All good, our machine is running. Looking further we find:

```
Aug 30 18:36:55.000 [info] circpad_setup_machine_on_circ(): Registering machine client_wf_ape to origin circ 2 (5)
Aug 30 18:36:55.000 [info] circpad_node_supports_padding(): Checking padding: supported
Aug 30 18:36:55.000 [info] circpad_negotiate_padding(): Negotiating padding on circuit 2 (5), command 2
Aug 30 18:36:55.000 [info] circpad_machine_spec_transition(): Circuit 2 circpad machine 0 transitioning from 0 to 65535
Aug 30 18:36:55.000 [info] circpad_machine_spec_transitioned_to_end(): Padding machine in end state on circuit 2 (5)
Aug 30 18:36:55.000 [info] circpad_circuit_machineinfo_free_idx(): Freeing padding info idx 0 on circuit 2 (5)
Aug 30 18:36:55.000 [info] circpad_handle_padding_negotiated(): Middle node did not accept our padding request on circuit 2 (5)
```
We see that our middle support padding (since we upgraded to tor-0.4.1.5), that
we attempt to negotiate, our machine starts on the client, transitions to the
end state, and is freed.
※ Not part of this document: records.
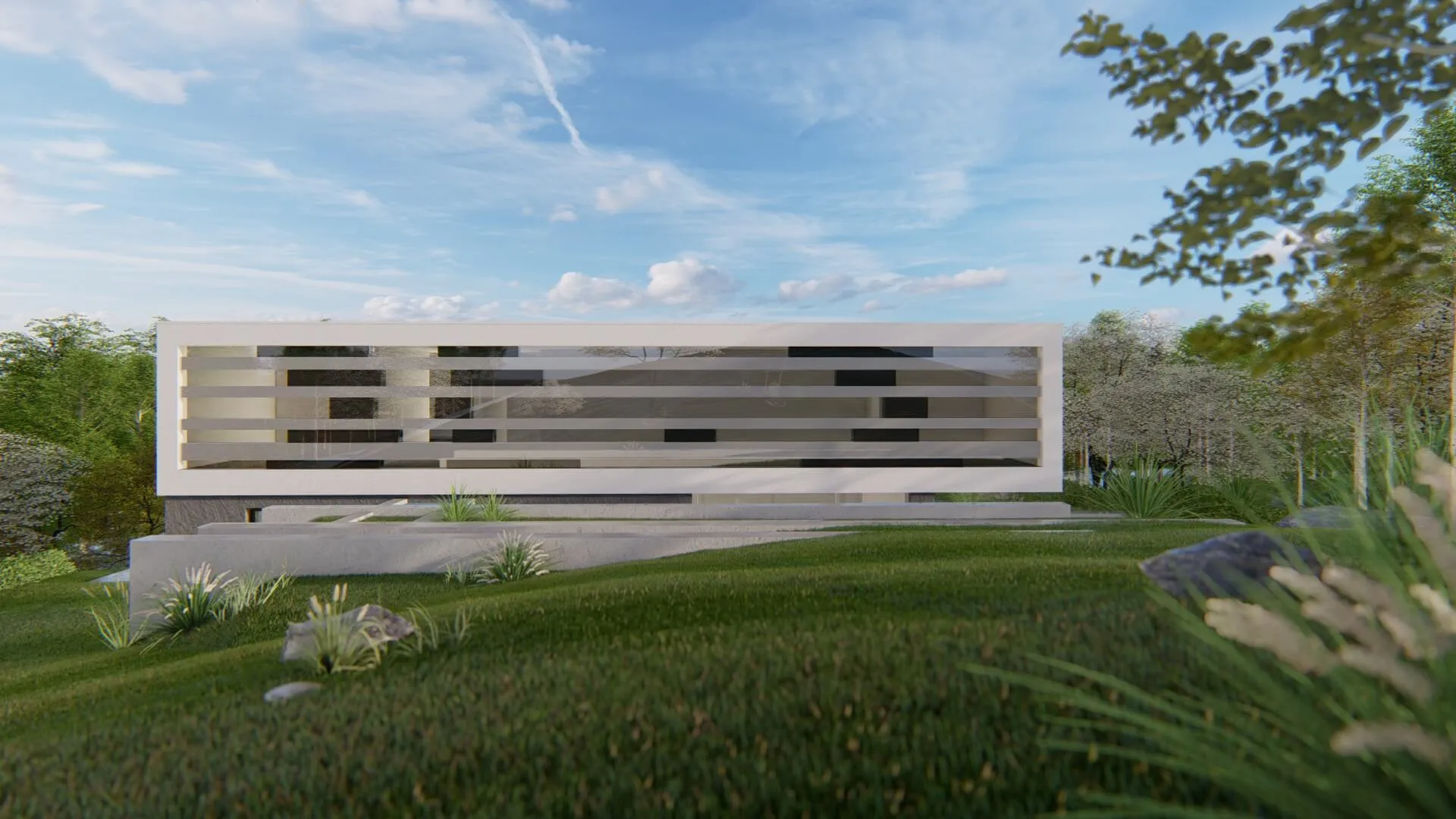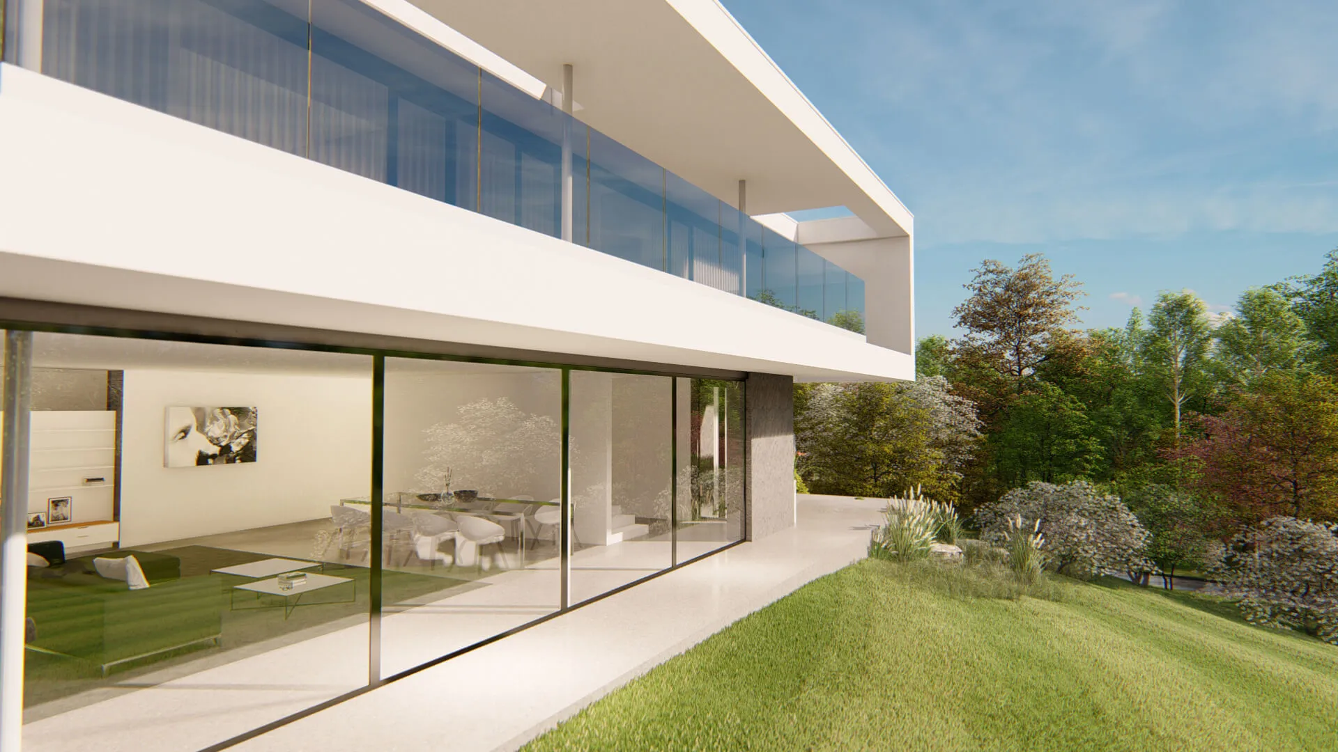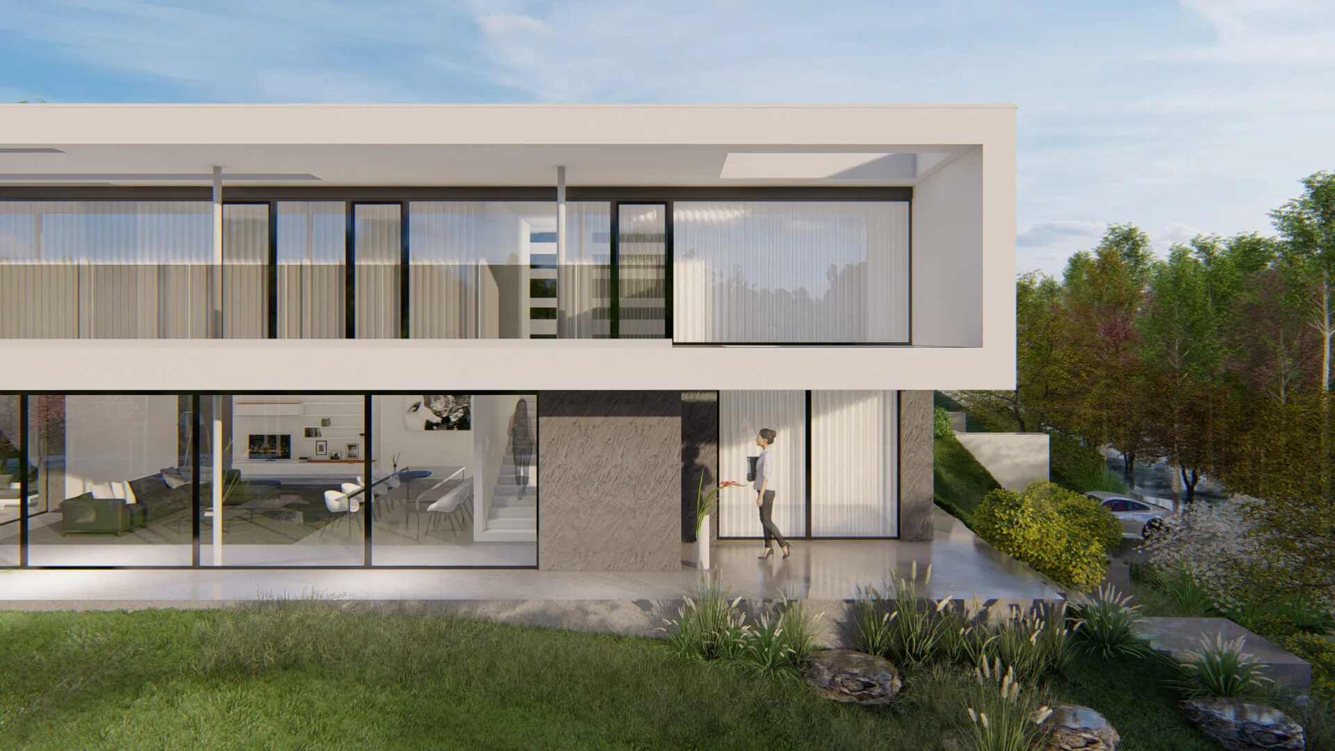 Későmodern stílusjegyeket mai elemekkel ötvöző ház ez, melynek bravúros megoldása a teljes homlokzatot felnyitó üvegfelület.
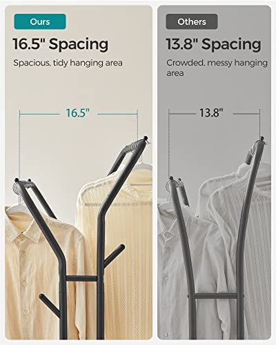 [Versatile Storage] With a high rail and a low rail for hanging clothes of different lengths, hooks on both sides for bags and hats, and a bottom shelf for boxes and shoes, this clothes rack keeps all your essentials in one place
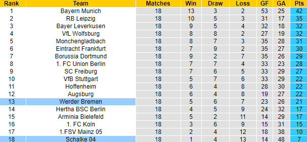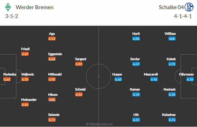 Bremen toàn thắng cả 2 trận đối đầu gần đây dù phải làm khách trên sân của Schalke. Trận đấu sắp tới với lợi thế về mặt sân bãi, Bremen càng được tin tưởng hơn vào khả năng giành chiến thắng. Sau 18 vòng đấu tại Bundesliga mùa này, Bremen giành 21 điểm, xếp thứ 13 trên bảng xếp hạng. Thành tích chưa được tốt nhưng gần đây, Bremen đang cho thấy dấu hiệu khởi sắc.
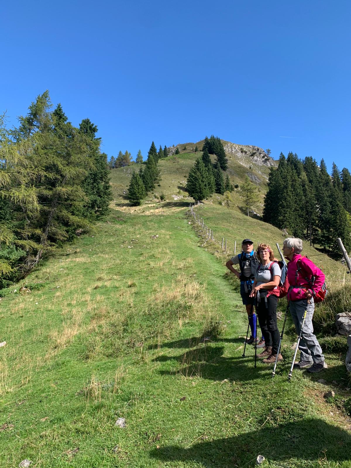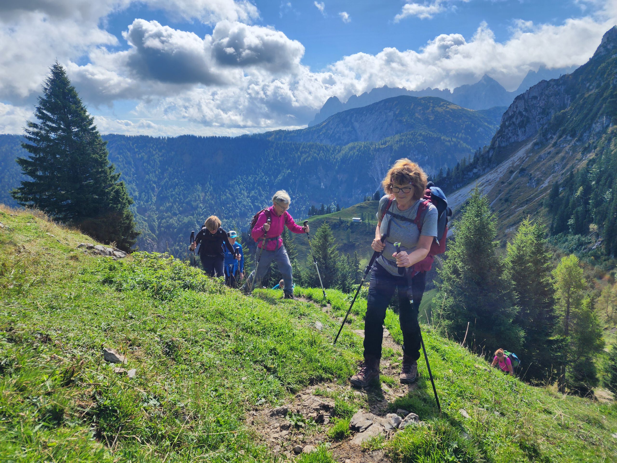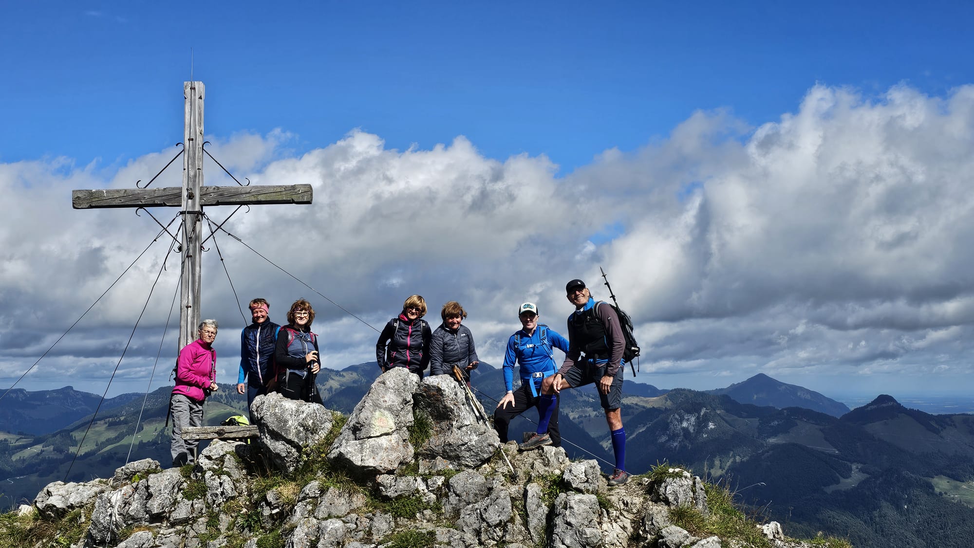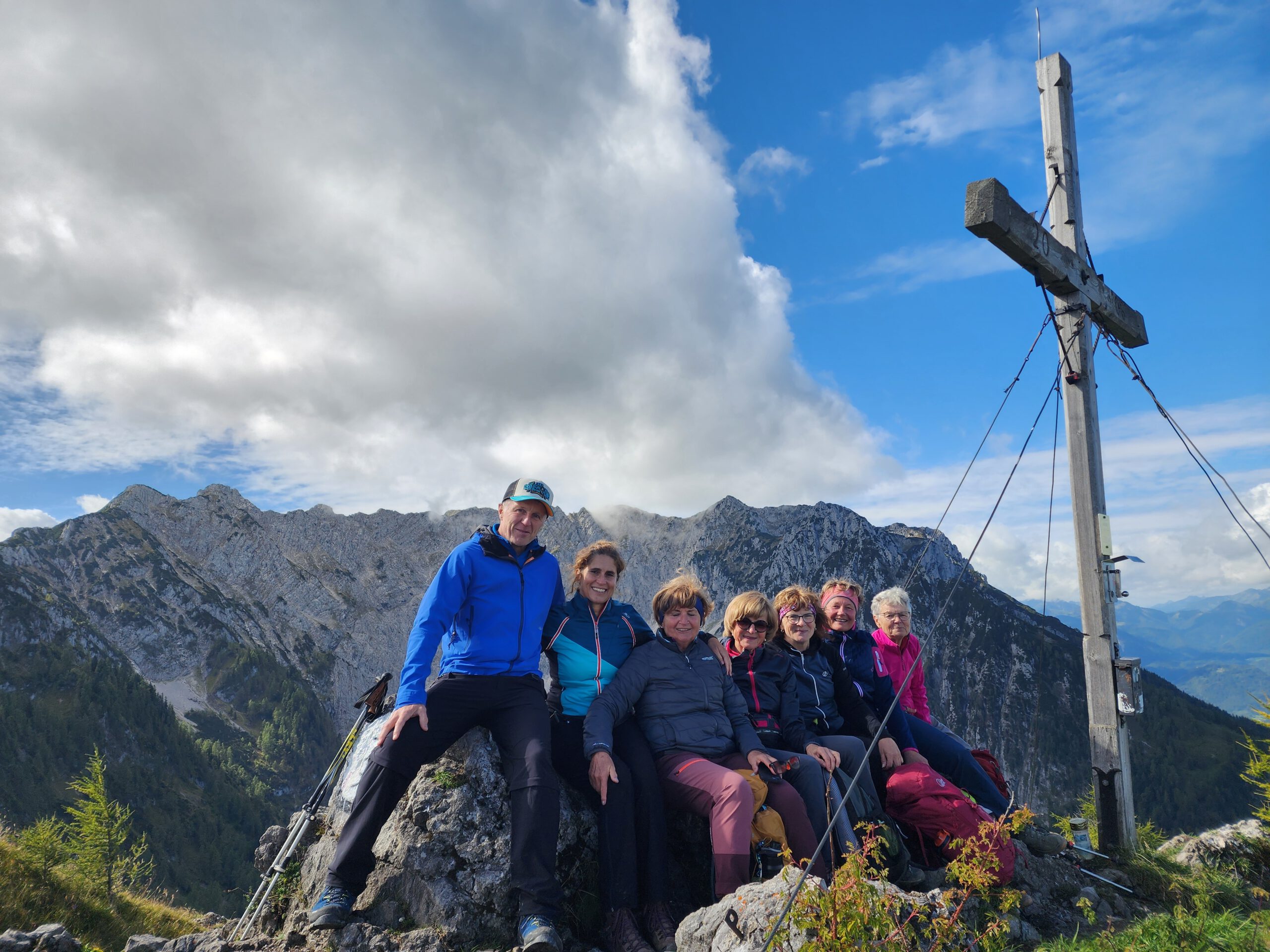 Bei noch locker bewölktem Himmel führte der Steig die Wanderer durch Wald und Wiesenstücke im Wechsel, moderat aufwärts. Je höher man kam desto mehr lichteten sich die Wolken und boten wunderbare Ausblicke auf den Walchsee und die nödlich liegenden Gipfel, Geigelstein, Breitenstein, Wandberg und viele mehr. Nach zwei Stunden erreichte man die Hageralm, die nach der Gipfelbesteigung für die Mittagspause auserwählt wurde. Aber davor mußten noch dreißig Minuten über hellgrüne Wiesen und ein wenig Felsberührung, unschwer zum höchsten Punkt gestiegen werden. In diesem Abschnitt zeigten sich auch Wilder und Zahmer Kaiser sowie das Winklkar im Sonne-Wolkenspiel von ihrer schönsten Seite. Freudestrahlend und Stolz bestaunte man am Gipfelkreuz die Rundumsicht und hielt diese mit den Handykameras fest, bevor es an den Abstieg zur Brotzeitalm ging.

The last line shows that the middle doesn't have a
padding machine that can run. 

Next, we follow the same steps as earlier and replace the modified `tor` at our
middle relay. We don't update the logging there to avoid logging on the info
level on the live network. Looking at the client log again we see that
negotiation works as before except for the last line: it's missing, so the
machine is running at the middle as well.  

## Implementing the APE state machine

Porting is fairly straightforward: define the states for all machines, add two
more machines (for the receive portion of WTFP-PAD, beyond AP), and pick
reasonable parameters for the distributions (I completely winged it now, as when
implementing APE). The [circuit-padding-ape-machine
branch](https://github.com/pylls/tor/tree/circuit-padding-ape-machine) contains
the commits for the full machines with plenty of comments. 

Some comments on the process:

- `tor-0.4.1.5` does not support two machines on the same circuit, the following
  fix has to be made: https://trac.torproject.org/projects/tor/ticket/31111 .
  The good news is that everything else seems to work after the small change in
  the fix. 
- APE randomizes its distributions. Currently, this can only be done during
  start of `tor`. This makes sense in the censorship circumvention setting
  (`obfs4`), less so for WF defenses: further randomizing each circuit is likely
  a PITA for attackers with few downsides.
- it was annoying to figure out that the lack of systemd support in my compiled
  tor caused systemd to interrupt (SIGINT) my tor process at the middle relay
  every five minutes. Updated build steps above to hopefully save others the
  pain.
- there's for sure some bug on relays when sending padding cells too early (?).
  It can happen with some probability with the APE implementation due to
  `circpad_machine_relay_wf_ape_send()`. Will investigate next.
- Moving the registration of machines from the definition of the machines to
  `circpad_machines_init()` makes sense, as suggested in the circuit padding doc
  draft.

Remember that APE is just a proof-of-concept and we make zero claims about its
ability to withstand WF attacks, in particular those based on deep learning.